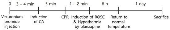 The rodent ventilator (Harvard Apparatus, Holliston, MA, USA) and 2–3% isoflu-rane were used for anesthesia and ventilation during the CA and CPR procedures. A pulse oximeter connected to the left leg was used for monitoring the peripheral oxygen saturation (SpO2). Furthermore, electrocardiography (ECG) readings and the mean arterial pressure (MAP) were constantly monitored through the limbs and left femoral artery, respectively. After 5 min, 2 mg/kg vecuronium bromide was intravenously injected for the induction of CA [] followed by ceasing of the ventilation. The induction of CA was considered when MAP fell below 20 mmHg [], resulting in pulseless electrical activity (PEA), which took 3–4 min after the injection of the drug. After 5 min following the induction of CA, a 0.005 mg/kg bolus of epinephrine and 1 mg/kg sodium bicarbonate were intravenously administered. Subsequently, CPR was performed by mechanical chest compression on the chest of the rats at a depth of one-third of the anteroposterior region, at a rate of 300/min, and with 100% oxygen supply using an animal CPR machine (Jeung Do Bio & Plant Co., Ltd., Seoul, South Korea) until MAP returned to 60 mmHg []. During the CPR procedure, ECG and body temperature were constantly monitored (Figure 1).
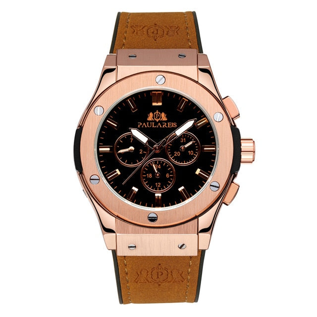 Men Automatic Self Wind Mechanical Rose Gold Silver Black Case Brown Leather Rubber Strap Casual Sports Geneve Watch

==

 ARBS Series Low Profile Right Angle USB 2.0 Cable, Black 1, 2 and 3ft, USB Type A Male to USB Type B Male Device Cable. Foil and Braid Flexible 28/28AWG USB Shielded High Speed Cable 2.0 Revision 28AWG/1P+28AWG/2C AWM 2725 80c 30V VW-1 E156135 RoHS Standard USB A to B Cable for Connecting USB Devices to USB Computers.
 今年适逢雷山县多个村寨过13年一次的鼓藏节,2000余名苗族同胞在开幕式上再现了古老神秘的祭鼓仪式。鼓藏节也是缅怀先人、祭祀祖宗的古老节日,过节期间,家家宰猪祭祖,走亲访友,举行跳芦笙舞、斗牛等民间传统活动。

* What you will do: Leaving out all pictures, set down exactly the lines of the material above, from the line with "The rodent ventilator" to the line with "Men Automatic Self" inclusive, and no others.

* Solution to this problem:
 The rodent ventilator (Harvard Apparatus, Holliston, MA, USA) and 2–3% isoflu-rane were used for anesthesia and ventilation during the CA and CPR procedures. A pulse oximeter connected to the left leg was used for monitoring the peripheral oxygen saturation (SpO2). Furthermore, electrocardiography (ECG) readings and the mean arterial pressure (MAP) were constantly monitored through the limbs and left femoral artery, respectively. After 5 min, 2 mg/kg vecuronium bromide was intravenously injected for the induction of CA [] followed by ceasing of the ventilation. The induction of CA was considered when MAP fell below 20 mmHg [], resulting in pulseless electrical activity (PEA), which took 3–4 min after the injection of the drug. After 5 min following the induction of CA, a 0.005 mg/kg bolus of epinephrine and 1 mg/kg sodium bicarbonate were intravenously administered. Subsequently, CPR was performed by mechanical chest compression on the chest of the rats at a depth of one-third of the anteroposterior region, at a rate of 300/min, and with 100% oxygen supply using an animal CPR machine (Jeung Do Bio & Plant Co., Ltd., Seoul, South Korea) until MAP returned to 60 mmHg []. During the CPR procedure, ECG and body temperature were constantly monitored (Figure 1).
 Men Automatic Self Wind Mechanical Rose Gold Silver Black Case Brown Leather Rubber Strap Casual Sports Geneve Watch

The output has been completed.